* [WHAT IS NEEDED] Reproduce everything from the line that contains "8日(土) 11:30 /" down to the line that contains "Magyarkéc csapata negyedszer" in the listing below, word for word and nothing more. Leave the pictures out.

* [MATERIAL FOR THE TASK]
-- Opening Marker --

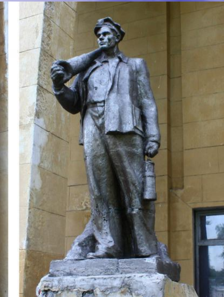
Памятник мужчине горняку
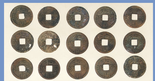
奈良時代のお金 (和同開珎)
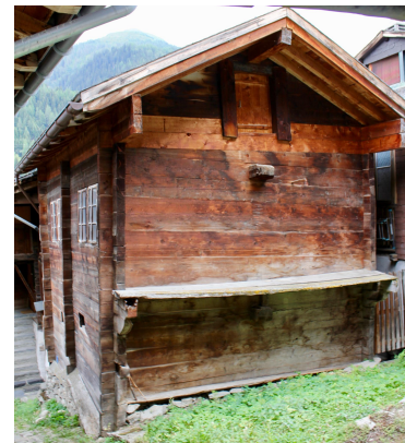
Fassaden Nord-Ost und Nord-West

Kulturdenkmäler Niederwald, Plan Schützenswerte Objekte (2012)
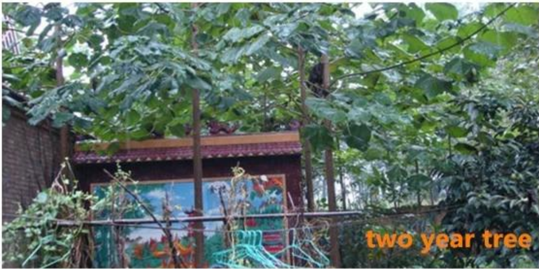
two year tree
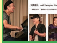
sound office 音旅舎

8日(土) 11:30 / 千草幼稚園 トイピアノ(おもちゃのピアノ) 4台+トイ打楽器(おもちゃの木琴・鉄琴・ドラム) おもちゃ楽器のアンプサンプルあり! お菓子をあげクイズあり! 歌遊びコーナーあり! 「小さな楽器による」「小さな子どもたちのための」小さな小さなコンサートです。
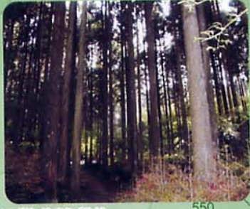
スギ林 (心安らく静内)
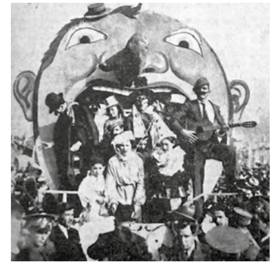
Απόκριες του 1934 και τα «άρματα» βγήκαν στους δρόμους...
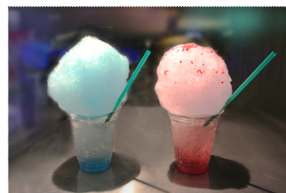
(右)ふわふわクラゲソーダ 昼

開催内容：ふわふわしたクラゲをイメージしたわたあめが乗った、ピーチ味のゼリー入りのソーダです。『蛭川実花×すみだ水族館 クラゲ万華鏡トンネル』の昼バージョンと夜バージョンのそれぞれをイメージしたカラーでお楽しみいただけます。また、大人向けとしてアルコール入りも販売します。
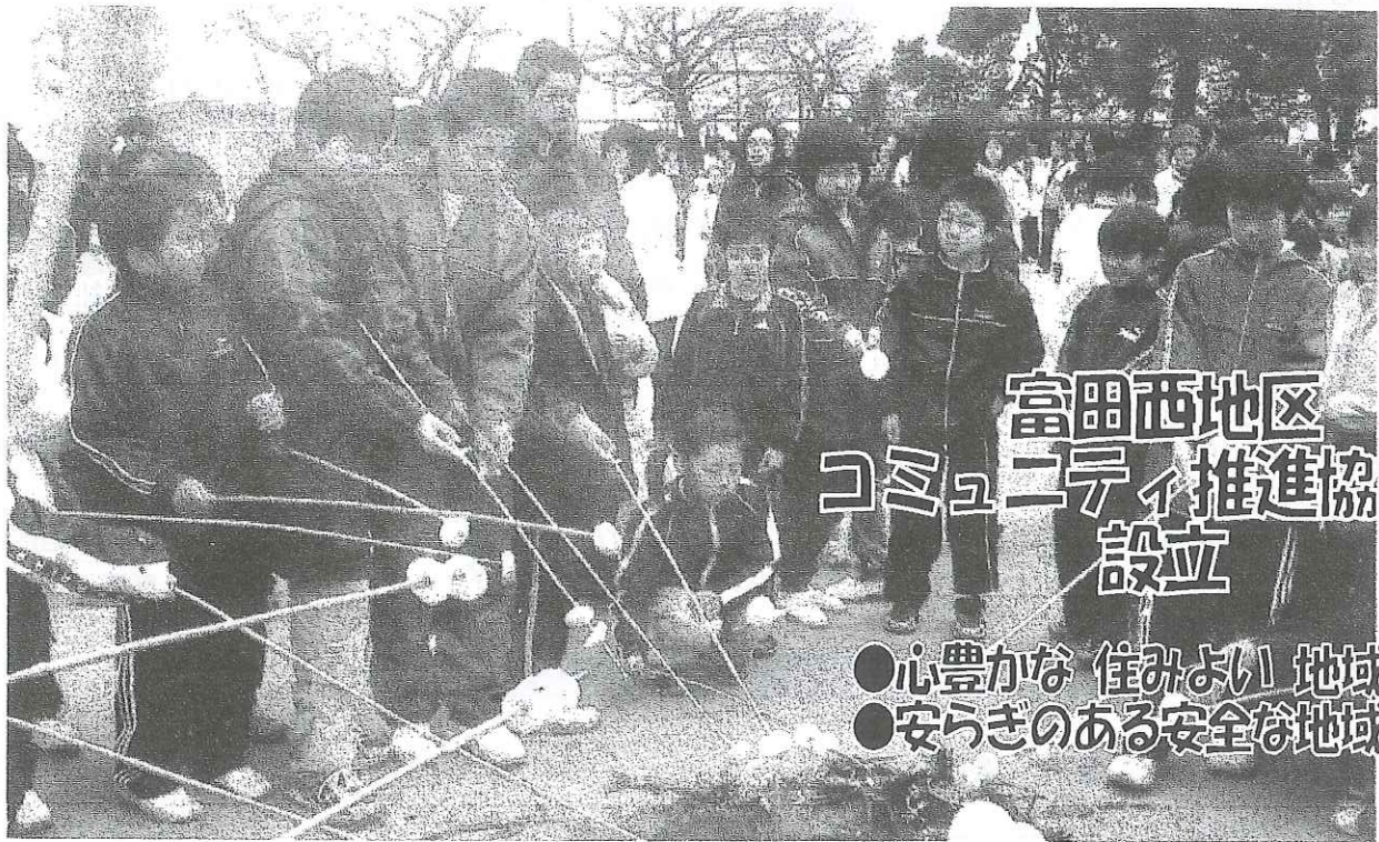
どんど焼き（富田西小学校 1月17日）
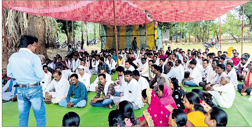
କବିର ଜୟନ୍ତୀ ପାଳନ ନିମନ୍ତେ ପ୍ରସ୍ତୁତି ବୈଠକରେ ଉପସ୍ଥିତ କର୍ମକର୍ତ୍ତା ।
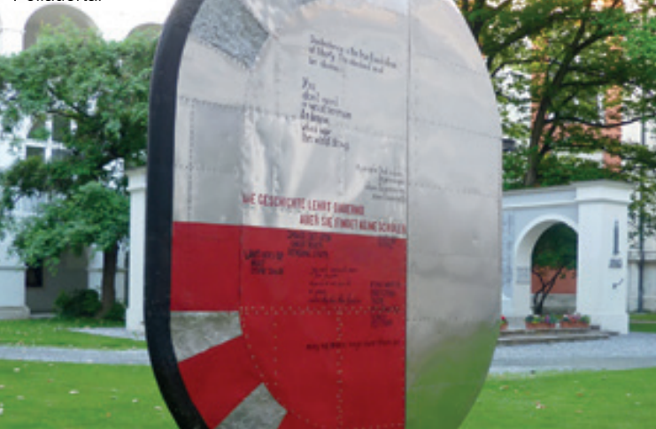
Liberation-Marker: Kunstwerk-Denkmal im Naturpark Pöllauertal
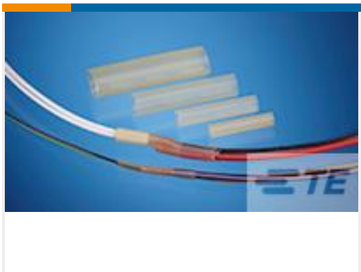
TE 产品编号CB88166002 RBK-VWS-125-NR1-X-100MM
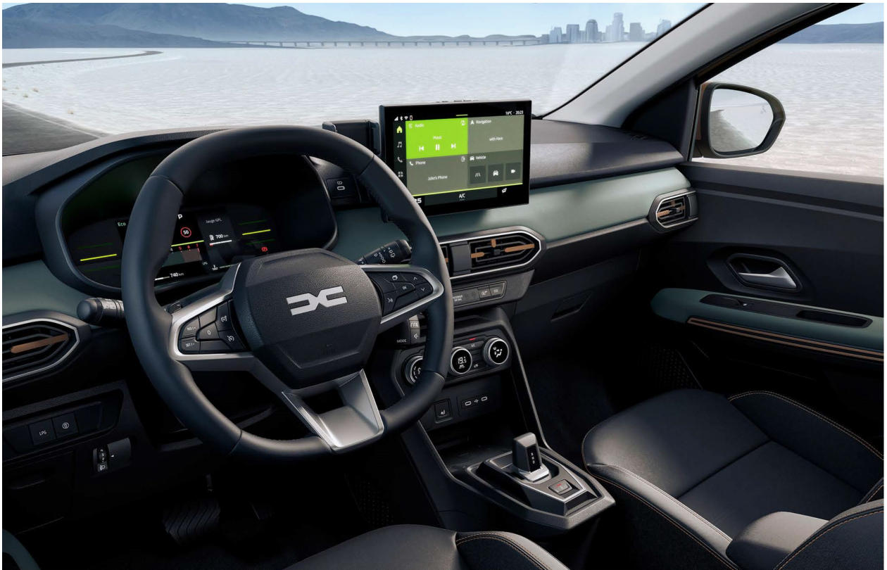
Ψηφιακός πίνακας οργάνων 3,5" & Σύστημα πολυμέσων Media Display 10,1"
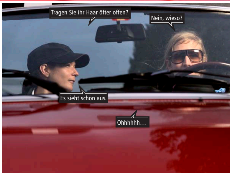
Tragen Sie ihr Haar öfter offen?
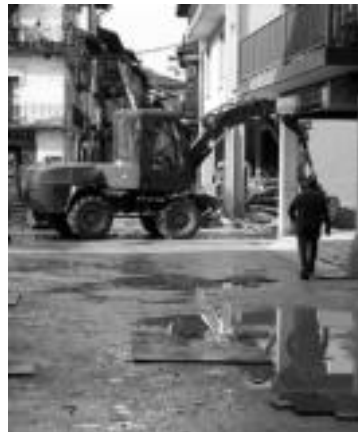
Azokan zaldiak eta hegaztiak izango dira animalien artean. Azoka ez da plazan izango, obretan baitaude.
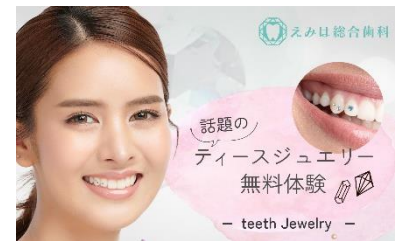
えみは総合歯科 大阪梅田院
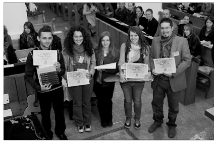
Magyarkéc csapata negyedszer győzött a kerületi szintű bibliaismereti vetélkedőn

✿ BIBLIAISMERETI VETÉLKEDŐ. November 19-én ötödik alkalommal került sor a Királyhágómelléki Egyházkerületi Bibliaismereti Vetélkedőre. Ebben az esztendőben a házigazda szerepét Jankafalva töltötte be.
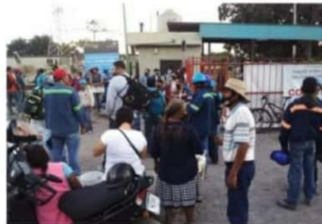
CD. LÁZARO CÁRDENAS, MICH.- Los trabajadores relacionados a la contratista Coconal, exigen el pago de liquidaciones conforme a la ley, además de incrementos salariales, pago de vacaciones, equipos de seguridad y cese de

Hasta el momento, ArcelorMittal no se ha pronunciado al respecto ni otras organizaciones sociales ligadas a los movimientos por la defensa de los derechos de trabajadores.
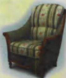
Armchair Kreslo Кресло
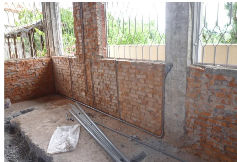
倡和社區活動中心內部環境整修施工
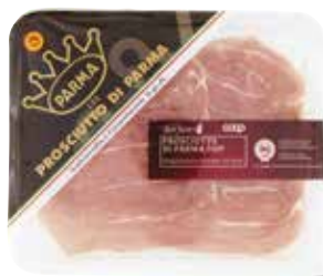
5.69€ 56,90 € al kg PROSCIUTTO DI PARMA DOP FIOR FIORE COOP stagionatura minima 24 mesi, 100 g
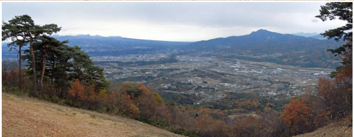
テイクオフ場から 右：子持山 左：赤城山連峰 下方：沼田市街
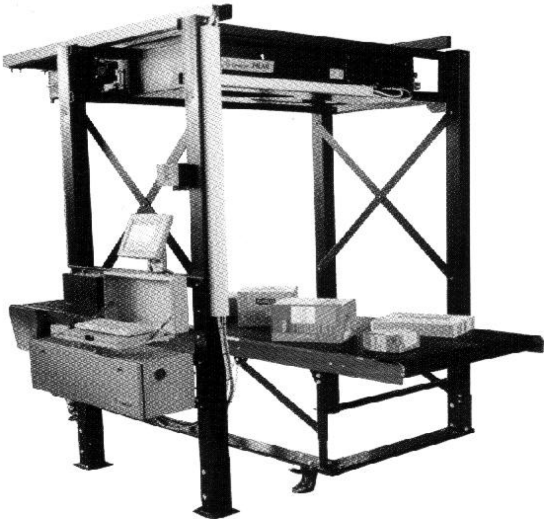
Typical model / modèle typique

La révision 4 vise à modifier les TERMES ET CONDITIONS.
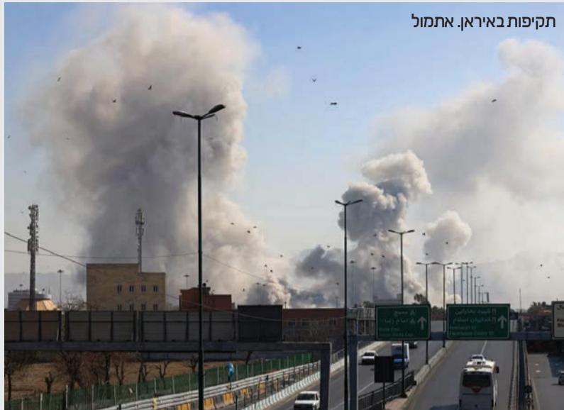
תקיפות באיראן. אתמול

הושמדו למעלה מ-300 משגרי טילים • איראן שיגרה טילים לנתב"ג; מטוס אל-על שב על עקבותיו
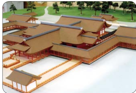
▲厳島神社の復元模型
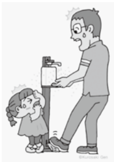
子どもサポート情報より
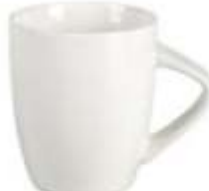
44.063 LILLY BIANCO Šolja od fine keramike, 300 ml
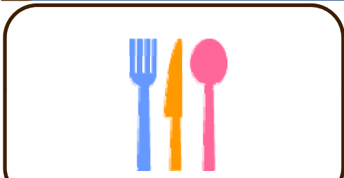
25 (土) お楽しみ弁当
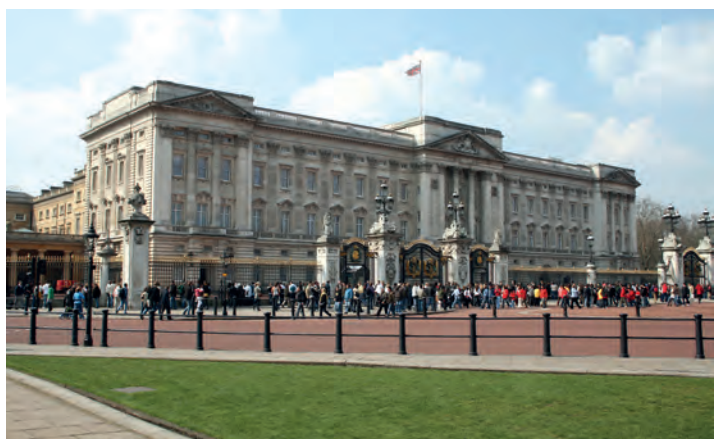
Photo of the week // Γιατί η Ελισάβετ αφήνει το Μπάκιχαμ

Εγκαταλείπει -για λίγο- τα ανάκτορα του Μπάκιχαμ η βασίλισσα Ελισάβετ, προκειμένου να πραγματοποιηθούν οι εργασίες συντήρησης, οι οποίες αναμένεται να κοστίσουν 150 εκατ. λίρες (περίπου 200 εκατ. ευρώ), όπως αναφέρει το BBC. Το παλάτι χρειάζεται αλλαγές στα υδραυλικά και τα ηλεκτρολογικά, ενώ δεν έχει γίνει καμία αλλαγή στη διακόσμηση από το 1952, οπότε και ενθρονίστηκε η Ελισάβετ. Η είδηση αυτή έρχεται λίγες μέρες αφού οι βασιλικοί λογιστές ανακοίνωσαν ότι η μοναρχία κοστίζει στους Βρετανούς φορολογούμενους περίπου 35,7 εκατομμύρια λίρες για δεύτερη συνεχή χρονιά. Η 89χρονη βασίλισσα εορτάζει το 1/3 του χρόνου της σε εκδηλώσεις που γίνονται στο Μπάκιχαμ, η οποία είναι η επίσημη κατοικία της οικογένειας στο Λονδίνο.
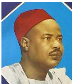
Ahmadou Ahidjo, Premier Président du Cameroun, contraint les nationalistes au silence. Mais à quel prix ?

Pour illustration, rien ne prédisposait la Côte d'Ivoire et le Congo ex-Zaïre aux crises politiques qu'ils ont connues ces dernières années, après des décennies de stabilité. La Libye nonobstant le système anti-démocratique qui y règne, n'a rien à envier au Benin, Mali, Ghana, Nigeria, etc. meilleures démocraties d'Afrique et pareillement stables. Autant l'histoire du Cameroun rappelle à ses nombreux lecteurs qu'en vingt ans, soit de 1955 en 1975, ce pays a souffert d'une guerre civile qui a décimé toute une tribu. Les méthodes de dissuasion utilisées par le jeune Etat (voir image ci-dessus) soutenu par la France, furent des plus atroces et pareillement suffisantes pour s'imposer.
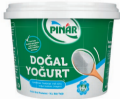
%1 Yağlı Yoğurt 2000 g
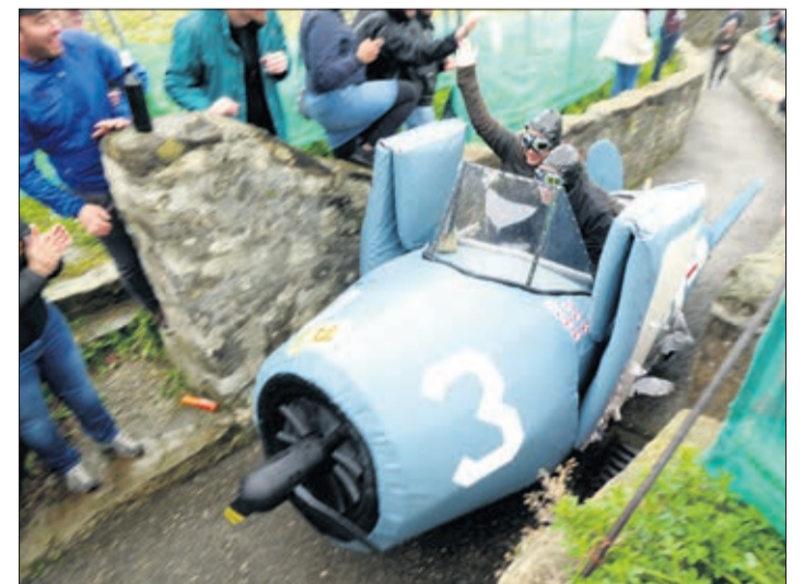
Têtes brûlées en plein vol du Pacifique
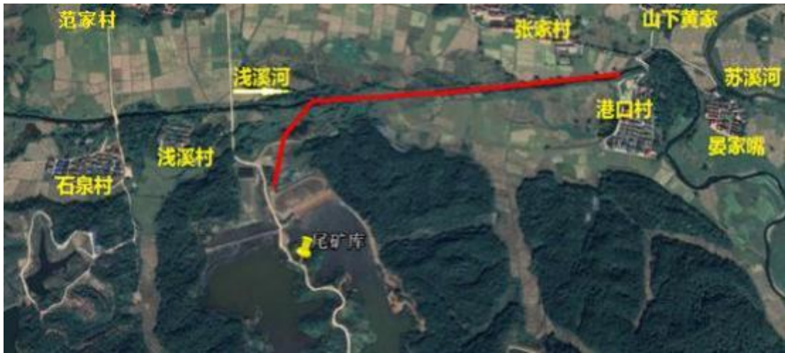
图 2-2 尾矿库下游区域状况图

根据溃坝数值模拟计算，阳坑尾矿库、阴坑尾矿库单独溃坝情况下，对周边房屋均无影响；阳坑尾矿库和阴坑尾矿库同时溃坝情况下，除浅溪村房屋处尾砂堆积厚度仅约 0.15m（堆积厚度较小，影响较小），溃坝对周边房屋均无影响。
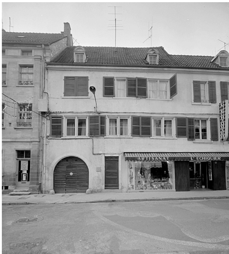
Façade sur rue de la maison de gauche.

25, Montbéliard, 25 rue Georges Clémenceau
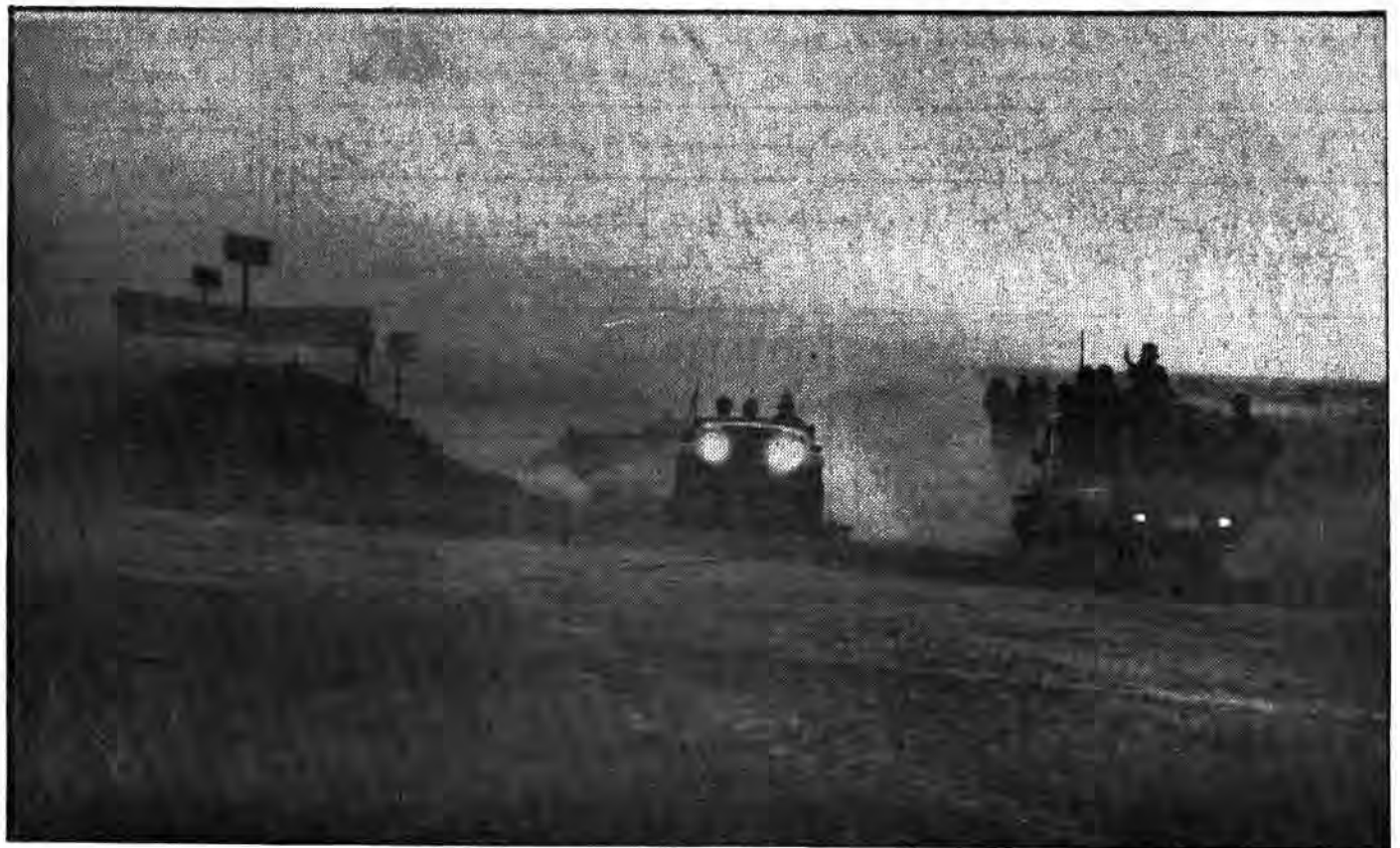
سحر خیزان لشکر اسلام به ندای مرغ حق لبیک گفته و در سبیده سحر عملیات خویش را شروع می نمایند
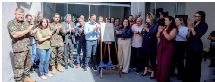
Antes mesmo da inauguração oficial, o PAS já se mostra um grande sucesso, tendo otimizado o atendimento e gerando comodidade a mais de 1.300 munícipes
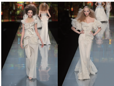
图2 2009年Dior青花瓷系列女装

元素呈现出强烈的现代感和时尚感。蓝印花布和青花瓷纹样具有共同的表现形式,Dior的设计为蓝印花布色彩纹样元素由平面到立体的创新设计及应用提供了参考,达到突显其立体性和时尚性的目的。
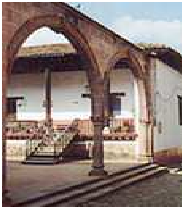
Casa de los Once Patios

E.- Plaza Vasco de Quiroga. Considerada una de las más bellas de América, localizada junto a la gran plaza, se encuentra rodeada de edificios de la época colonial. Su dimensión, las majestuosas casonas construidas a su alrededor y la ausencia de edificios religiosos, la hacen diferente de todas las demás.
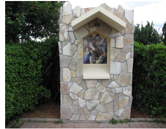
Nově vybudována křížová cesta (8.zastavení:Ježíš těší plačící ženy)
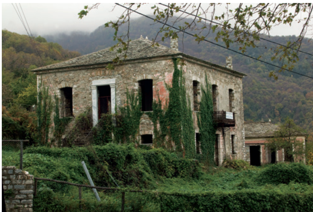
Μισοερειπωμένο νεοκλασσικό του 1908 έξω από την πλατεία του Αγ. Στεφάνου, που έχει μπει σε πρόγραμμα ανακαίνισης. Λεπτομέρεια από τις «Τρεις Βρύσες».

-- Closing Marker --

* [OUTPUT FOR THIS EXERCISE]
8日(土) 11:30 / 千草幼稚園 トイピアノ(おもちゃのピアノ) 4台+トイ打楽器(おもちゃの木琴・鉄琴・ドラム) おもちゃ楽器のアンプサンプルあり! お菓子をあげクイズあり! 歌遊びコーナーあり! 「小さな楽器による」「小さな子どもたちのための」小さな小さなコンサートです。
スギ林 (心安らく静内)
Απόκριες του 1934 και τα «άρματα» βγήκαν στους δρόμους...
(右)ふわふわクラゲソーダ 昼

開催内容：ふわふわしたクラゲをイメージしたわたあめが乗った、ピーチ味のゼリー入りのソーダです。『蛭川実花×すみだ水族館 クラゲ万華鏡トンネル』の昼バージョンと夜バージョンのそれぞれをイメージしたカラーでお楽しみいただけます。また、大人向けとしてアルコール入りも販売します。
どんど焼き（富田西小学校 1月17日）
କବିର ଜୟନ୍ତୀ ପାଳନ ନିମନ୍ତେ ପ୍ରସ୍ତୁତି ବୈଠକରେ ଉପସ୍ଥିତ କର୍ମକର୍ତ୍ତା ।
Liberation-Marker: Kunstwerk-Denkmal im Naturpark Pöllauertal
TE 产品编号CB88166002 RBK-VWS-125-NR1-X-100MM
Ψηφιακός πίνακας οργάνων 3,5" & Σύστημα πολυμέσων Media Display 10,1"
Tragen Sie ihr Haar öfter offen?
Azokan zaldiak eta hegaztiak izango dira animalien artean. Azoka ez da plazan izango, obretan baitaude.
えみは総合歯科 大阪梅田院
Magyarkéc csapata negyedszer győzött a kerületi szintű bibliaismereti vetélkedőn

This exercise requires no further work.